Blog of Rights

The Ten Most Disturbing Things You Should Know About the FBI Since 9/11

By Matthew Harwood, Media Strategist, ACLU at 12:24pm

Next Tuesday, James Comey will have his first job interview for succeeding Robert Mueller as director of the FBI.

Members of the Senate Judiciary Committee will not only have the chance to determine whether Comey is qualified for the job—and we have our concerns—but an opportunity to examine what the FBI has become since 9/11 and whether it needs to change course over the next decade.

Over the past 12 years, the FBI has become a domestic intelligence agency with unprecedented power to peer into the lives of ordinary Americans and secretly amass data about people not suspected of any wrongdoing. The recent revelation about the FBI using the Patriot Act’s “business records provision” to track all U.S. telephone calls is only the latest in a long line of abuse stemming from the expanded powers granted to the bureau since September 2001.

These abuses and bad policies, however, do not get the attention they deserve, despite serious violations of people’s civil rights and liberties.
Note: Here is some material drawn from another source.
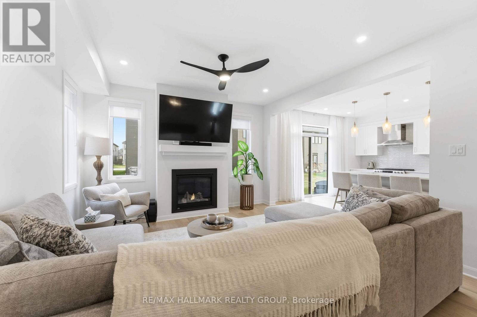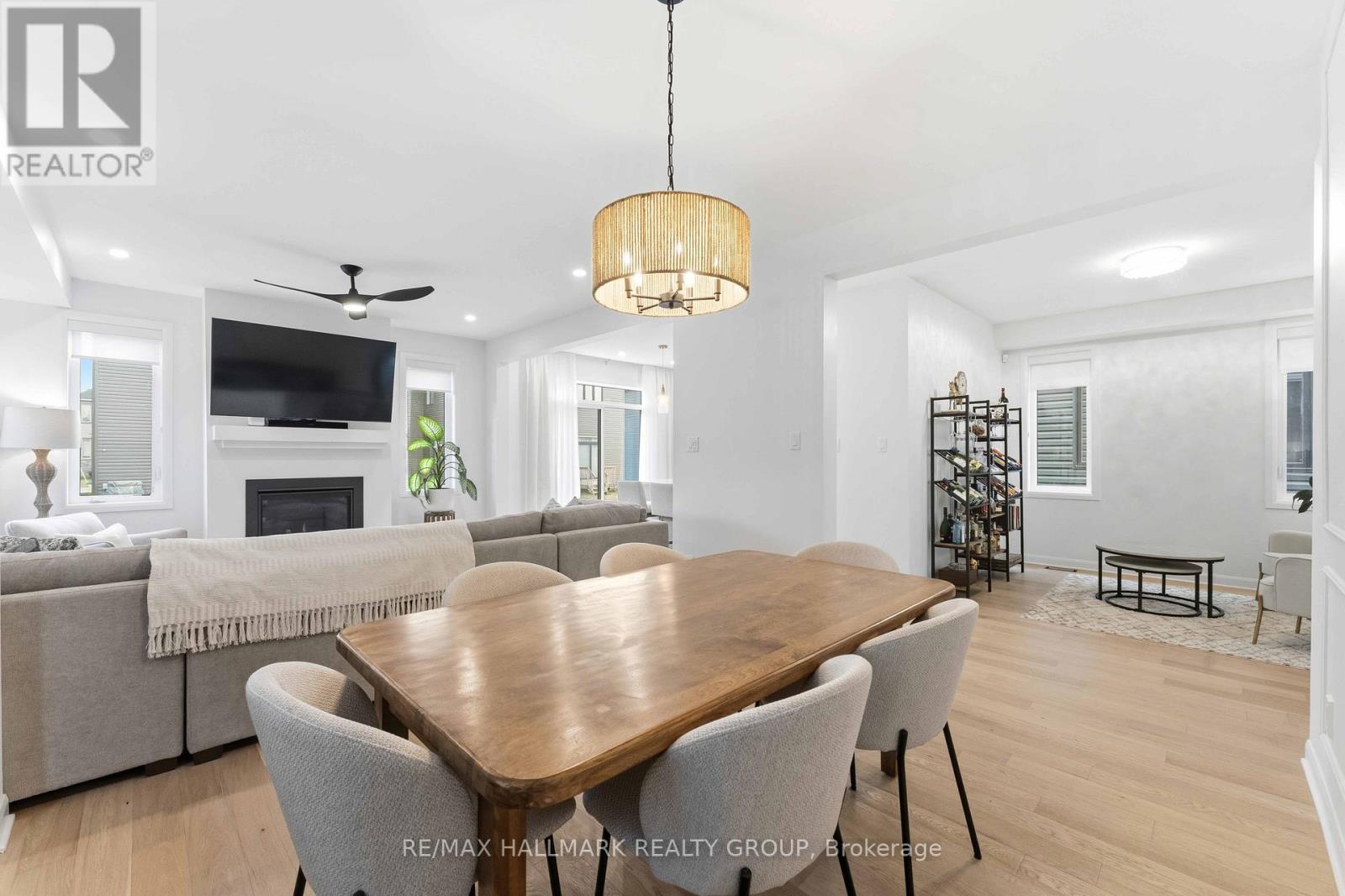 This exceptional 4-bedroom home showcases modern luxury and timeless finishing choices in one of Ottawa's most desirable communities;Mahogany in Manotick. Step inside to discover an elegant layout highlighted by 9-foot ceilings, hardwood flooring, a bright entrance foyer, a mainlevel den, and an open concept living/dining area with a sleek gas fireplace creating a warm and sophisticated atmosphere. The customdesignedkitchen is a chef's dream, featuring quartz countertops, soft-close cabinetry, and upgraded lighting that beautifully complements thespace. A semi-circular oak staircase leads to the upper level, where you'll find a spacious primary retreat complete with a walk-in closet and aspa-inspired ensuite offering double sinks and a stand-alone soaker tub-perfect for relaxation, three additional bedrooms, a full bathroom andsecond floor laundry room complete the upper level. Set within the prestigious Mahogany community, this home offers the perfect blend oftranquility and convenience, moments from the Manotick Village core, parks, trails, and the Rideau River. (id:31145)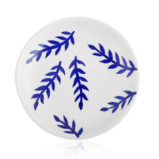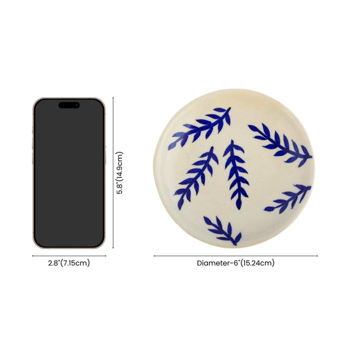 Graceful blue leaves sweep across this creamy white plate like nature's own brushstrokes. Each leaf tells a story of Jaipur's artistic heritage. This GI-tagged masterpiece brings a touch of traditional elegance to your walls or dining table. A perfect blend of art and functionality!Material - Blue Pottery - A blend of quartz powder, ground glass, saji, katira gond, and multani mitti.

Since 9/11, the ACLU has learned of persistent FBI abuses, including domestic spying, racial and religious profiling, biased counterterrorism training materials, politically motivated investigations, abusive detention and interrogation practices, and misuse of the No-Fly List to recruit informants.

In the interest of highlighting the worst abuses that have occurred over the last 12 years, the ACLU has put together a factsheet, “The Ten Most Disturbing Things You Should Know About the FBI Since 9/11.” (Find a printable PDF version here.)
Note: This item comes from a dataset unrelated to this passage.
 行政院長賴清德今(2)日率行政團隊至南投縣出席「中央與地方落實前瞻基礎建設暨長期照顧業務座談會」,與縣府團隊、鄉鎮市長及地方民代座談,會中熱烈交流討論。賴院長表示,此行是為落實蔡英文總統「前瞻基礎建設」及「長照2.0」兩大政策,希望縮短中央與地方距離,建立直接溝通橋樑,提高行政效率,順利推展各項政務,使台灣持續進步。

We hope Congress and the new FBI director, whoever it is, will use the information provided as a starting point to conduct a thorough evaluation of the FBI’s post-9/11 authorities, policies, and practices to identify and curb any and all activities that are illegal, ineffective, or prone to misuse.

The choice between our civil liberties and our security is a false one: we can be both safe and free.